Here, we leveraged genotype and brain expression data provided by the Genotype-Tissue Expression (GTEx) project to elucidate the functional properties and potential roles of eQTL and splicing expression features in the etiology of SCZ. Integrating the GTEx brain eQTLs with the most recent SCZ GWAS data [3], we evaluated specific effects of the identified SCZ risk variants on gene expression features in combination with epigenetics data, and examined how genes of expression features affect genetic networks.
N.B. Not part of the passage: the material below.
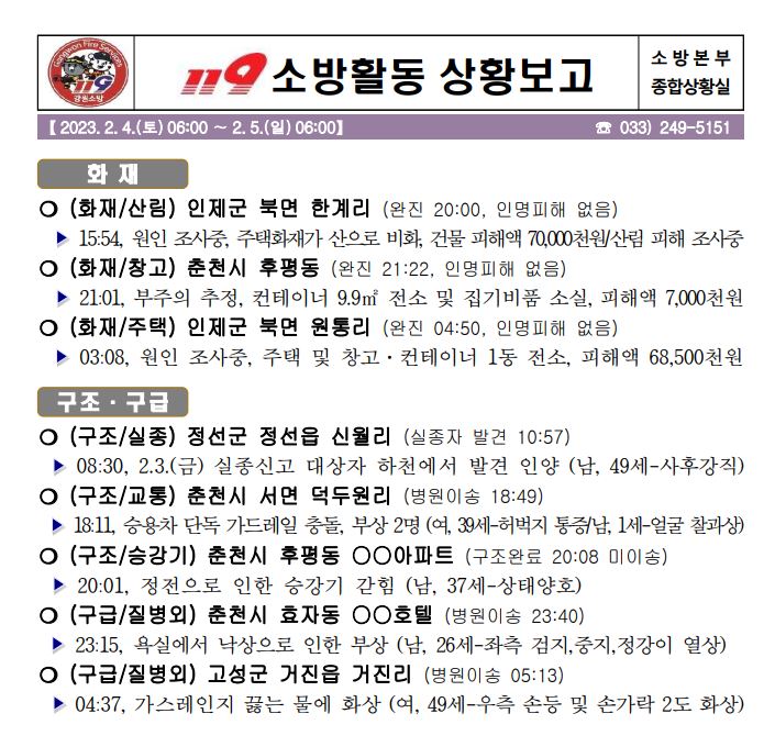 119 소방활동 상황보고(2. 5. 일) 06:00

Splicing transcripts have long been predicted to play roles in disease development, but the role of splicing in SCZ remains poorly understood. We address this gap by systematically evaluating exon–exon junctions in the human brain. By colocalizing the results from our gene- and junction-level analyses, we identify the functional genomic variants and potential effective splicing transcripts underlying SCZ susceptibility.

Materials and methods

An overview of our workflow can be found in Fig. S1.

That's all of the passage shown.